Trump's pushback comes after Manigault Newman released another audio recording Monday. Aired on NBC's "Today" show, it is purportedly an excerpt of a phone conversation between Trump and Manigault Newman after she was fired from the White House. It appears to show Trump expressing surprise, saying "nobody even told me about it."
On Sunday, Manigault Newman told NBC's "Meet the Press" that she surreptitiously recorded a number of conversations in the White House for her own protection. The show aired portions of a recording of her firing by chief of staff John Kelly in the high-security Situation Room.
Critics have denounced the recordings as a serious breach of ethics and security. The voice on the recording released Monday appears to be Trump's. The White House has not denied it, but The Associated Press has not independently verified it's Trump. The AP has independently listened to the recording with Kelly.
Trump acknowledged Monday that the occupant of the Oval Office should perhaps not engage in a public war of words with an ex-employee, saying he knows "it's "not presidential" to take on "a lowlife like Omarosa." But he added: "this is a modern day form of communication and I know the Fake News Media will be working overtime to make even Wacky Omarosa look legitimate as possible. Sorry!"
While the latest recording appears to show Trump was unaware of her firing, Manigault Newman said on "Today" that Trump may have instructed Kelly to do it. She offered no evidence.
White House spokesman Hogan Gidley said Monday: "I'm not going to get into the tick-tock of who knew what when, but the president makes the decisions."
Manigault Newman, whose book is out this week, suggested there was more to come: "There's a lot of very corrupt things happening in the White House and I am going to blow the whistle on a lot of them."
Trump's attorney, Rudy Giuliani, said on "Fox and Friends" Monday that Manigault Newman may have broken the law by recording private conversations at the White House.
"She's certainly violating national security regulations, which I think have the force of law," Giiuliani said.

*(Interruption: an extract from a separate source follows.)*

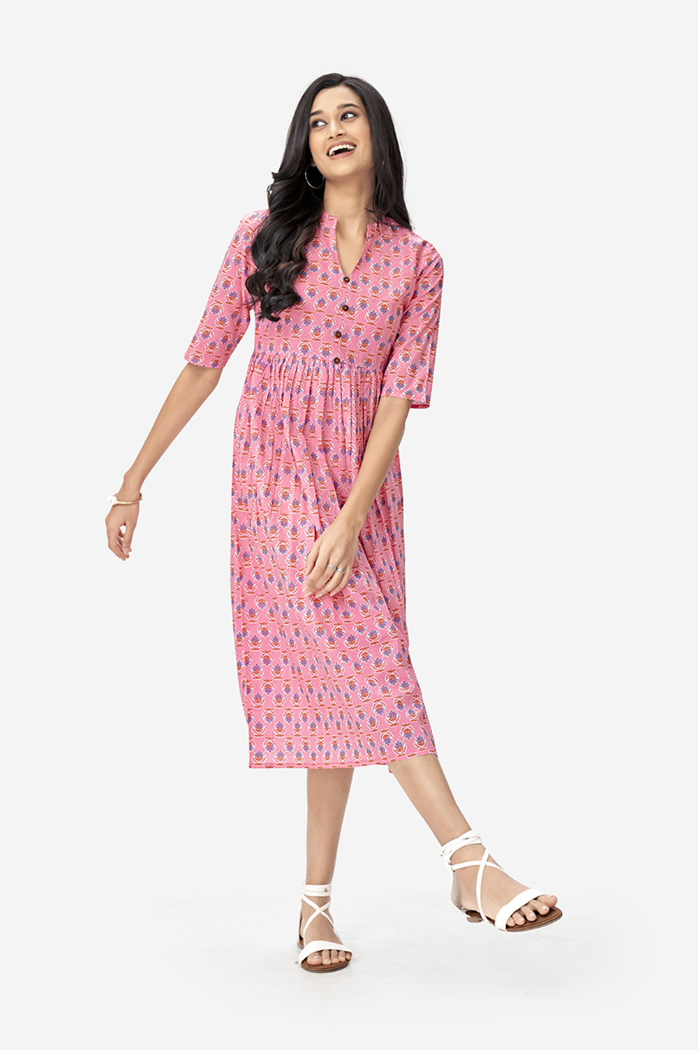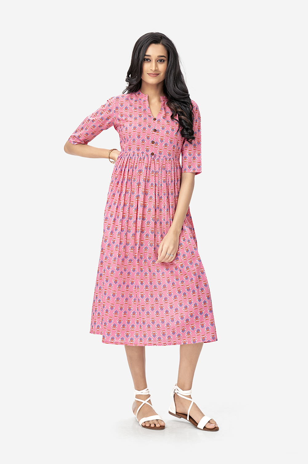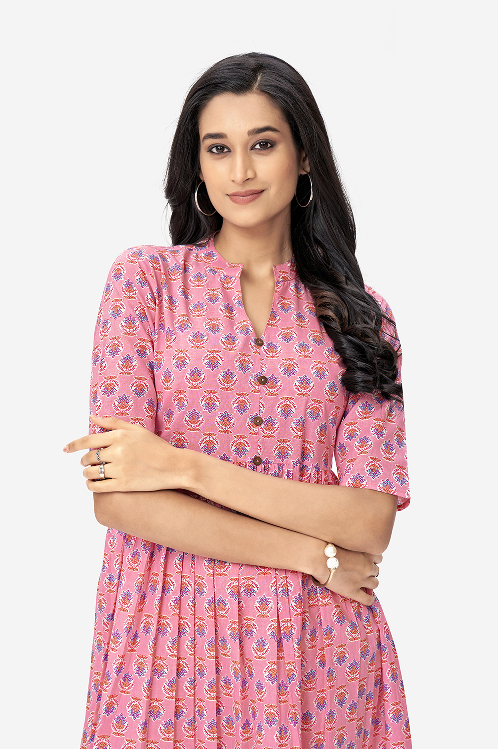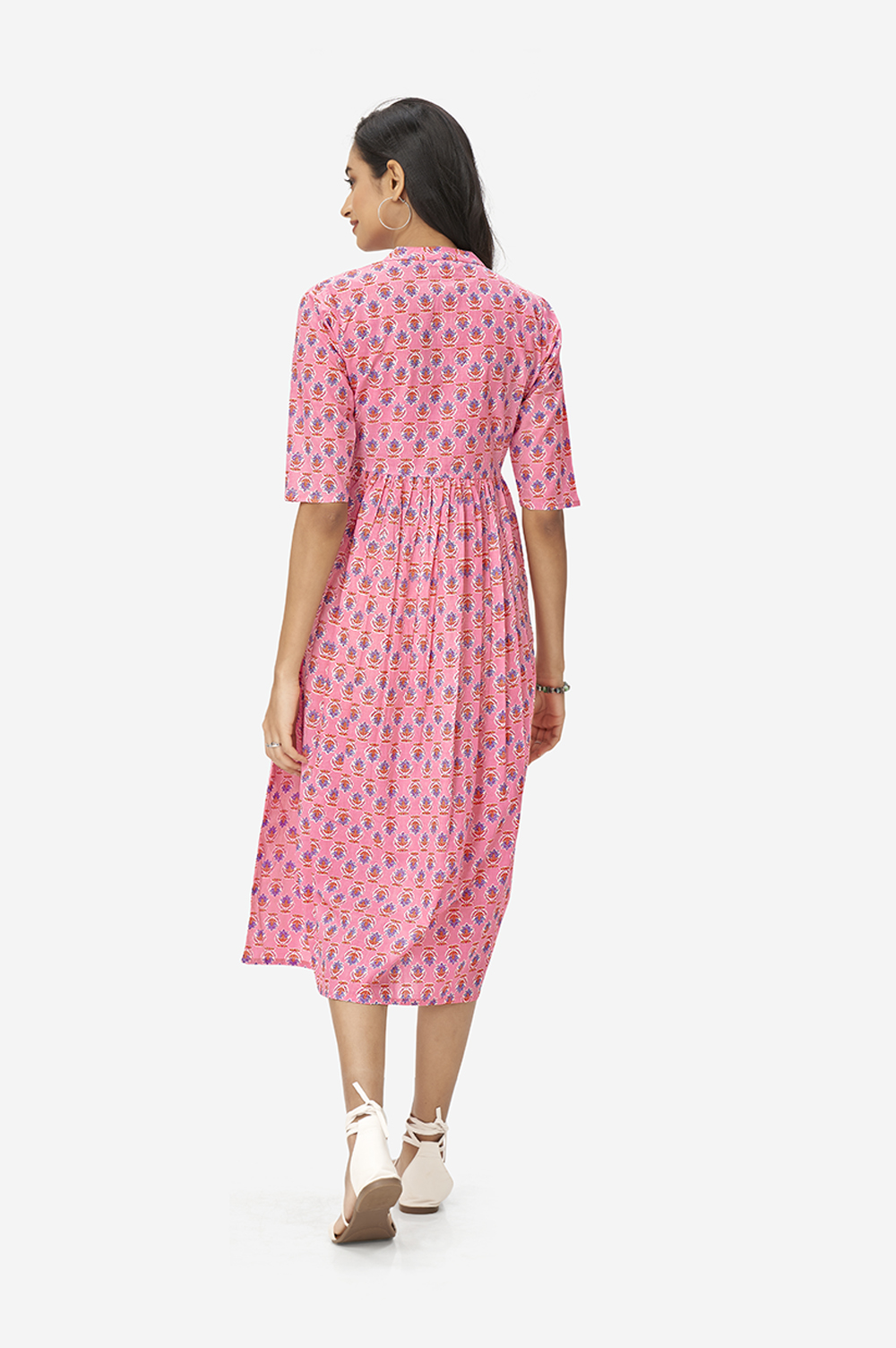 Baby Pink Lotus Floral Maxi Tunic

In the recording with Kelly, which Manigault Newman quotes extensively in her new book, "Unhinged," Kelly can be heard saying that he wants to talk with Manigault Newman about leaving the White House.
"It's come to my attention over the last few months that there's been some pretty, in my opinion, significant integrity issues related to you," Kelly is heard saying, citing her use of government vehicles and "money issues and other things" that he compares to offenses that could lead to a court martial in the military.
"If we make this a friendly departure ... you can look at your time here in the White House as a year of service to the nation and then you can go on without any type of difficulty in the future relative to your reputation," he tells Manigault Newman, adding: "There are some serious legal issues that have been violated and you're open to some legal action that we hope, we think, we can control."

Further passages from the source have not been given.